Joseph Contrera, patent counsel at Johns Hopkins Technology Transfer, shared Knowles’ concern. He said the guidelines meant that the USPTO was ignoring the part of the statute that referred to discoveries.

“I think horrified is a minor adjective I would use when I read those guidelines. It occurred to me that now I know how the USPTO is getting rid of its backlog because that is pretty much everything we do at Hopkins. I don’t know how the Patent Office got from we are not going to patent a particular gene to we are not going to patent any natural product. I don’t know how they went down that slope.
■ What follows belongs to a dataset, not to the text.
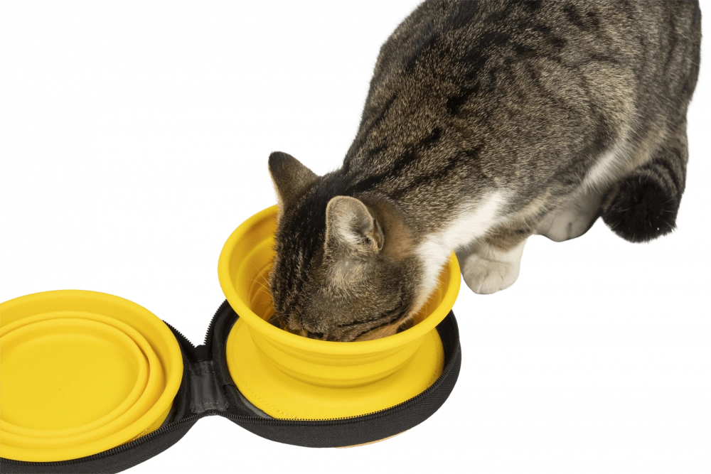 Praktisk rejsesæt med to sammenklappelige skåle af kvalitets-silikone til både foder og vand. Hver skål rummer op til 350 ml, er let, holdbar og nem at rengøre. Skålene er fastgjort med velcro i et etui med lynlås, så du nemt kan tage dem med på udflugt, ferie og vandretur med hund eller kat.

“It seems like the courts walked away from part of the patent statute, which says it is who discovers or invents. You go back to all these really big inventions like [vitamin] B12. All these things were isolated and purified because someone had to go through the process of isolating it, purifying it and working out what it does. Now it seems like the patent office is issuing guidelines saying isolating and purifying isn’t going to get you anywhere, and it needs to be markedly different. From Hopkins’ point of view now we are worried about how markedly different all our diagnostics and derivatives of known products are they going to be.”

Jason Garbell, senior manager and senior patent attorney at Novozymes North America, said the rule at least gives predictability.

“To some extent, though, you can’t argue with them at least taking one position and trying to give guidance to the industry,” he said. "Maybe the rule is bad but having a rule helps because it gives predictability about where it is going. I don’t think the guidelines at the patent office are going to be the end point but it is a starting point for that."

He said guidelines around the Myriad decision would affect the earlier stages much more than the later stages. Novozymes is a business to business company.

“Our traditional model is finding natural products – enzymes, microorganisms – then working with a variety of customers. That model to some extent has gone so we need to get closer to our customers. That is a challenge because there are interests that some of our customers such as Procter & Gamble have in maintaining their interests. At the same time, we are trying to see the bright side of Myriad. It is better for us to get closer to our customers, it is better for us to know what is happening and how to craft claim inventions in a way that is innovating human intervention,” he said.

Denise Hickey, senior director intellectual property strategy at AbbVi, noted that industry organisations have not been proactive in response to the Myriad case, which drew a line between isolated DNA and synthetic DNA known as cDNA. She said the Myriad decision could be seen as logical but is concerned about its ramifications.

“The view is it is a product of nature and so shouldn’t be patentable and cDNA is not a product of nature so is. They split the baby and they didn’t split it in a way that was particularly severe on its face for the bio pharmaceutical therapeutic industry. The diagnostic industry might have a few more problems in that regard. But I think the problem is the ball that is rolling down the hill. It is the ensuing litigation and interpretation that could affect the industry more broadly and make it that much more difficult for them to make sure they have the level of exclusivity they need to justify the investments necessary to create their products,” she said.